China’s financial services sector will be almost entirely open to foreign players in the next five years, China’s deputy finance minister Zhu Guangyao said on Friday.

The new rules, unveiled at a government briefing on Friday, will give global financial companies unprecedented access to the world’s second-largest economy. Today’s announcement follows statements by Chinese authorities on Thursday that restrictions in the country’s banking and financial sector would soon be eased, as Chinese leader Xi Jinping met with US President Trump as part of Trump’s Asia visit.
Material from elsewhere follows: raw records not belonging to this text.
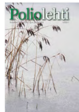
Kannen kuva AK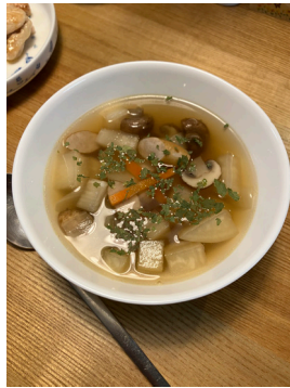
大根入りの野菜スープ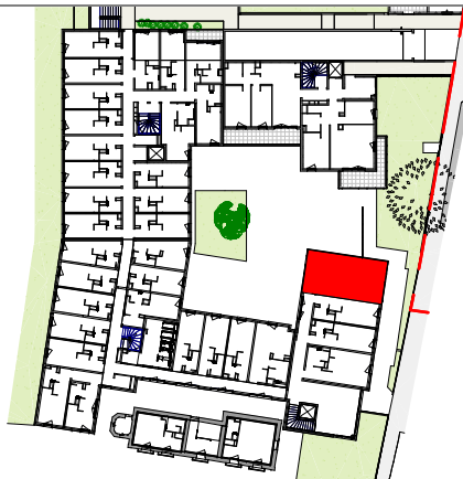
TABEAU DES SURFACES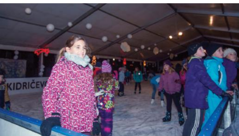
Tudi letos lahko drsamo na brezplačnem drsališču.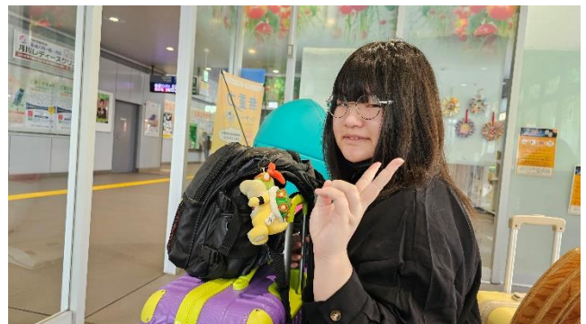
3/25 いわき駅にて ありがとういわき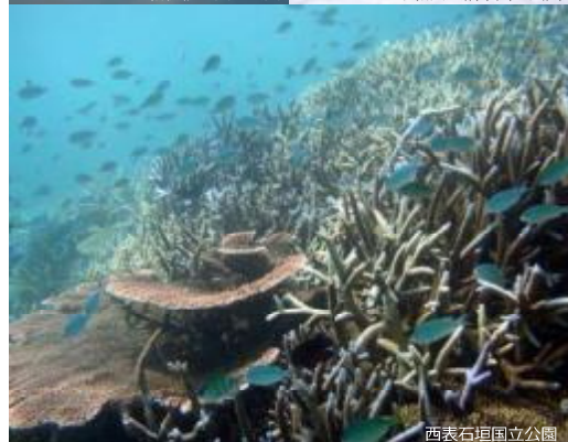
西表石垣国立公園

It marks another step in the gradual integration of China’s economy into global markets. In June, MSCI said it planned to add 222 China A Large Cap stocks to its Emerging Markets Index starting next year, which is likely to drive capital inflows from international institutional investors.

“The significant opening up in the banking industry, which scrapped the limit in shareholding percentage formerly set at 25 per cent, is above expectation,” said Chen Shujin, chief financial analyst with Huatai Securities in Hong Kong.
Nonetheless, she said that for China’s banking system as a whole the effect would be more limited.
“All Chinese cities have allowed locally incorporated foreign banks to engage in both local and foreign currency business since 2006, but foreign banks’ market share has remained below 2 per cent in China in the past 10 years,” she said.

Prior to Friday’s announcement, other banks had been looking to expand their operations in China. Earlier this year, UBS and Morgan Stanley said they would both increase their shareholding in their Chinese joint ventures to 49 per cent, the maximum previously allowed.